Pourquoi parle-t-on de mémoire quand on a la cognition en tête ?
Ce survol des fonctions cognitives du cerveau peut vous donner une idée d’une première raison pour laquelle on dit à nos patients qu’on évaluera leur « mémoire » plutôt que leur cognition : quoique strictement inexact, c’est plus simple, évocateur et compréhensible ! Voilà la raison pragmatique.
Une deuxième raison est que l’atteinte mnésique est l’atteinte de la cognition la plus facilement reconnaissable par les personnes âgées et leurs proches.
Une troisième, de façon intéressante, est historique.
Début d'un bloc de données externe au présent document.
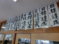 1年生は「平和の光」、2年生は「目標達成」、3年生は「初志貫徹」がお題でした。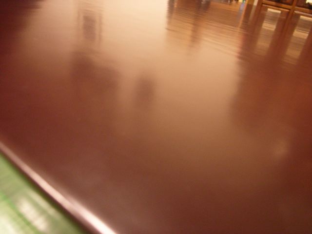 天板はランバーコアの板を付けただけで、リネンを掛けて使ってきました。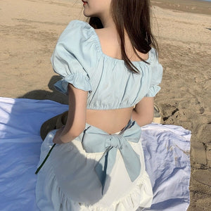 Casual Korean Elegant Blouses Women Backless Bule Sexy Chic Sweet Cute Shirts Puff Sleeve Bow Bandage Fashion Designer Beach Top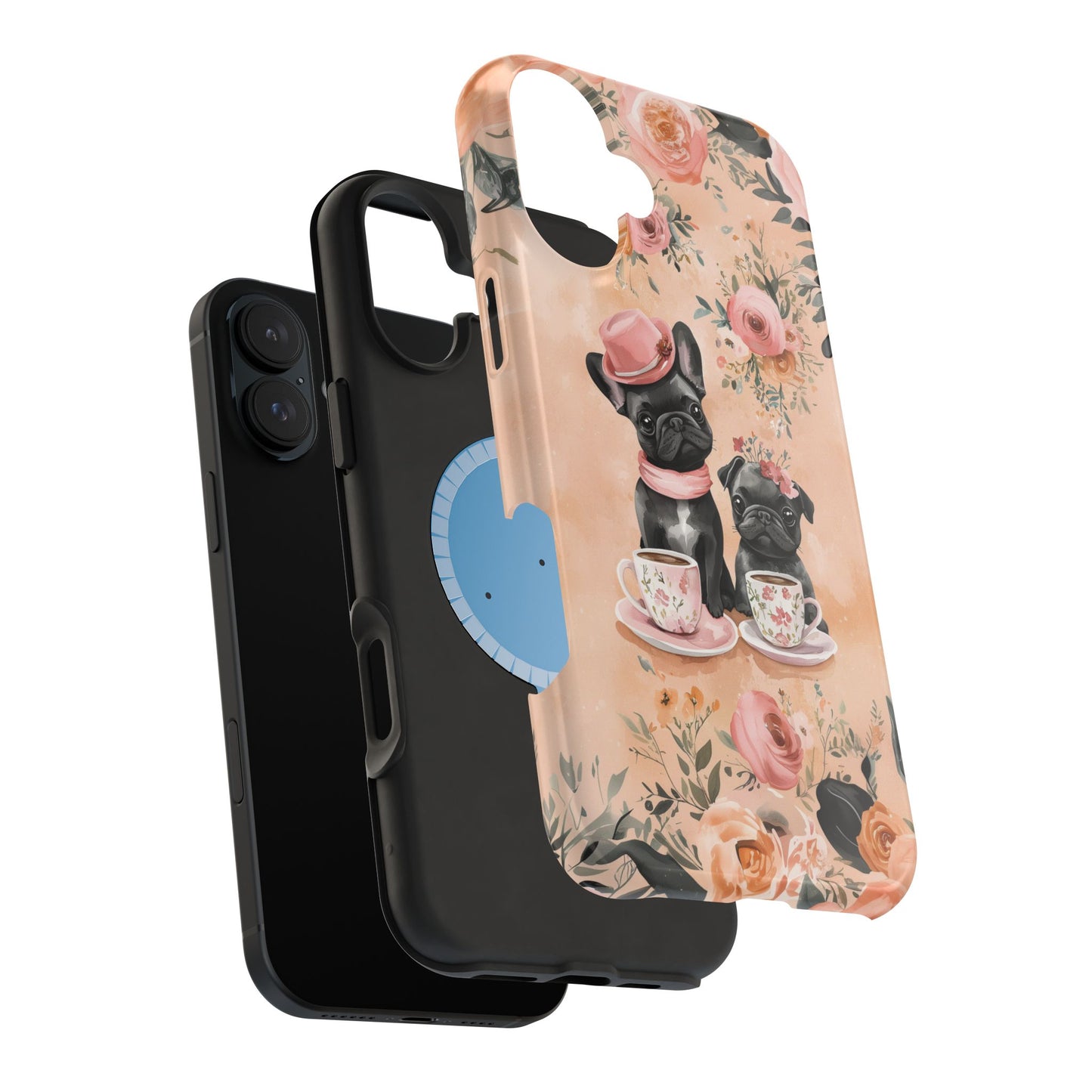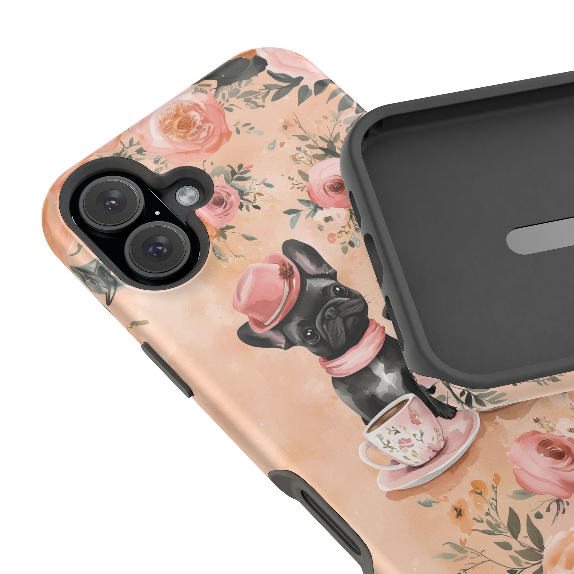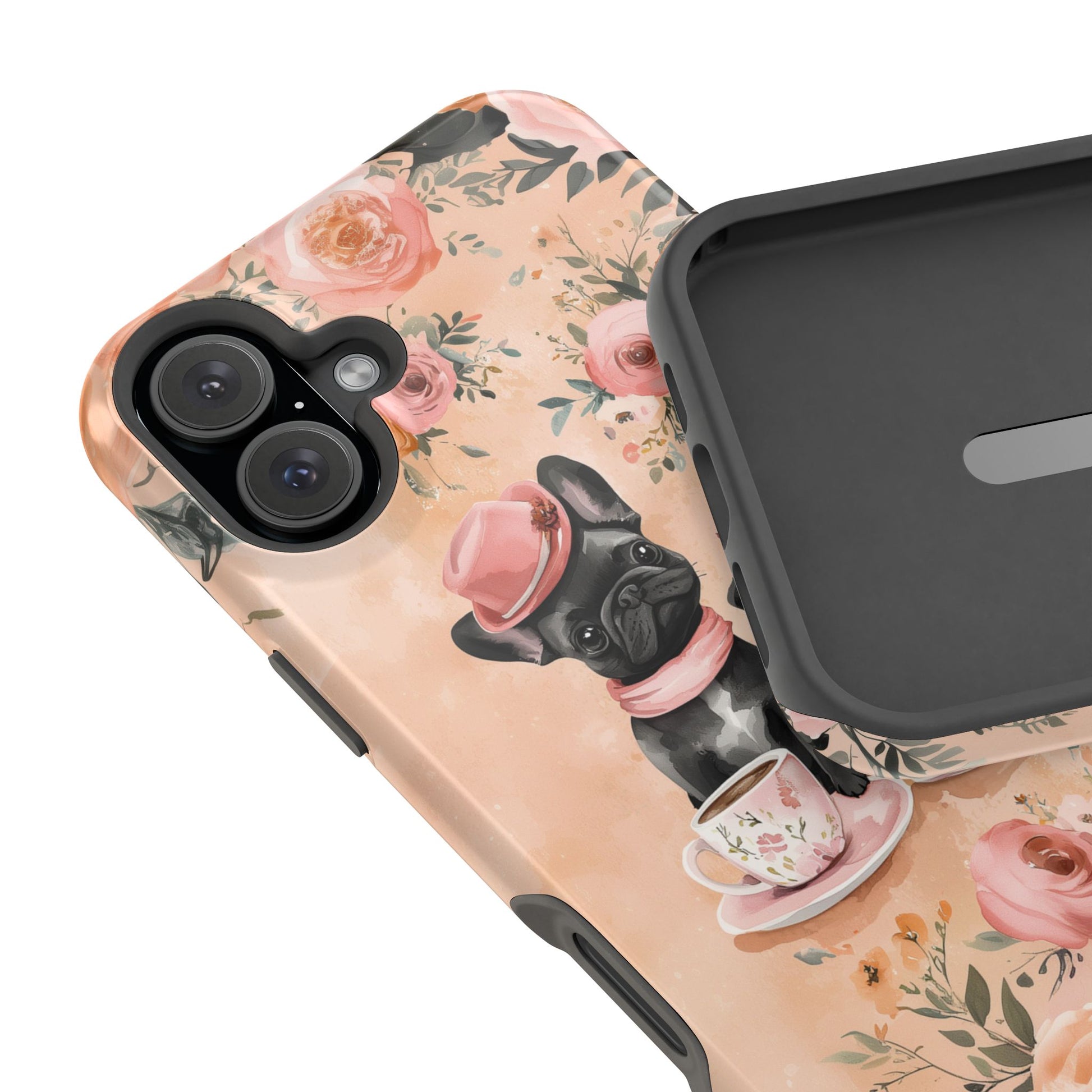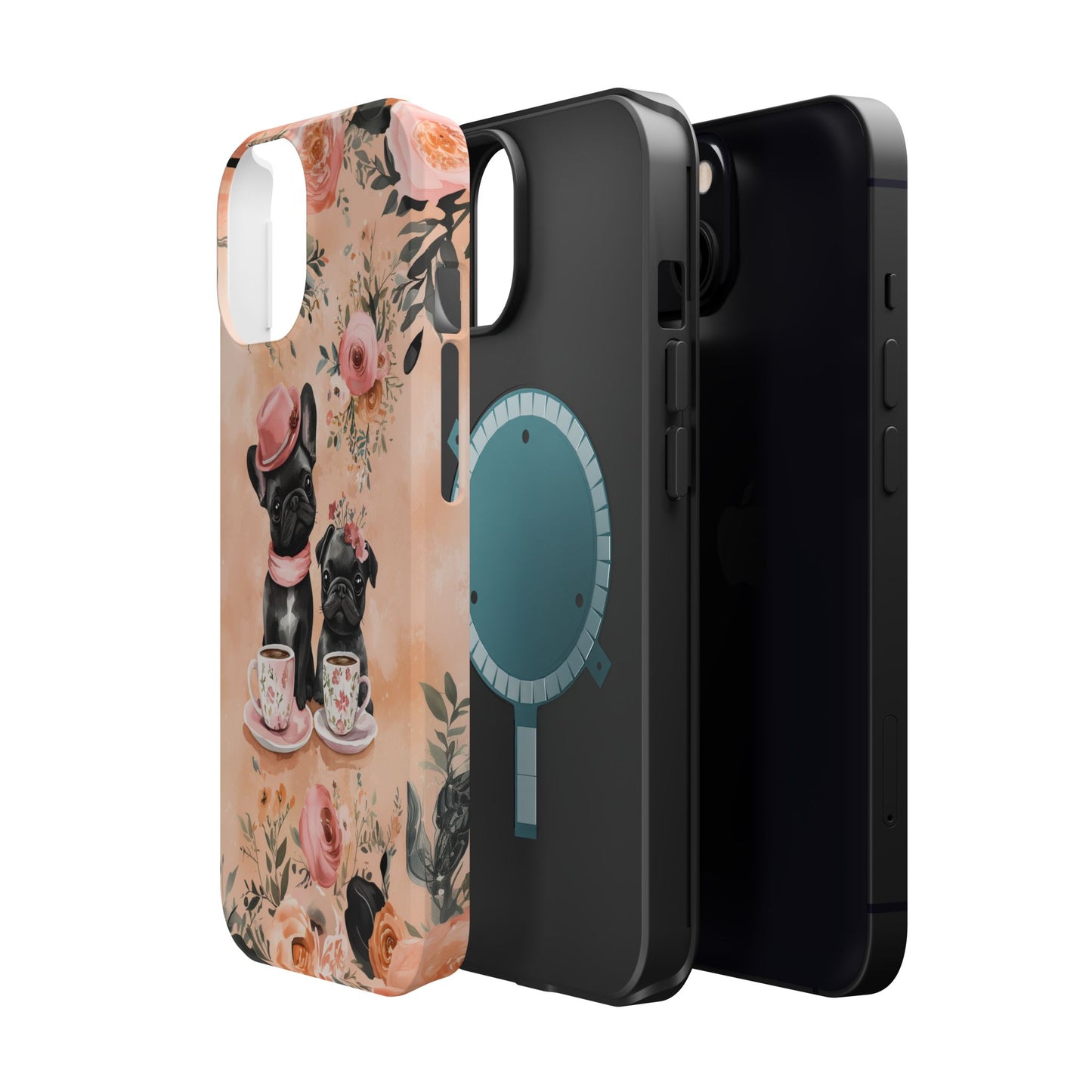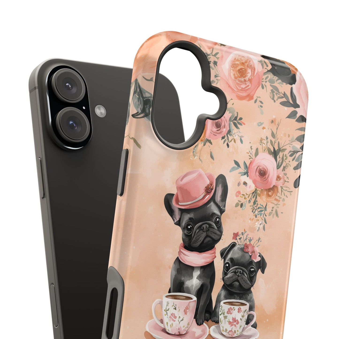 Floral French Bulldogs MagSafe iPhone Case – Elegant Dog Design with Tea Cups & Roses, Shockproof Protection

L’alzheimer est la maladie cognitive la plus prévalente (environ 60 % à 70 % des cas) et la première décrite, en 1906. Et comme elle affecte principalement la mémoire, c’est ce que l’on a le plus mesuré pour la description, le diagnostic et la recherche sur les troubles cognitifs. En effet, jusqu’à la dernière version du DSM, la perte mnésique était un critère obligatoire pour diagnostiquer une démence. Ce n’est plus le cas, car on reconnaît désormais d’autres formes de troubles cognitifs bien distincts de l’alzheimer.
Lorsqu’il est question de trouble cognitif, l’évaluation détaillée de chaque domaine cognitif permet de poser le bon diagnostic. Cette condition est essentielle afin de choisir les traitements adéquats. Puisque chaque diagnostic est associé à des atteintes et à une évolution cognitives particulières, établir le bon diagnostic permet aussi de mieux comprendre les changements cognitifs qui sont en cours et ceux à venir. Et mieux comprendre redonne un peu d’emprise à la personne et aux proches touchés par une démence.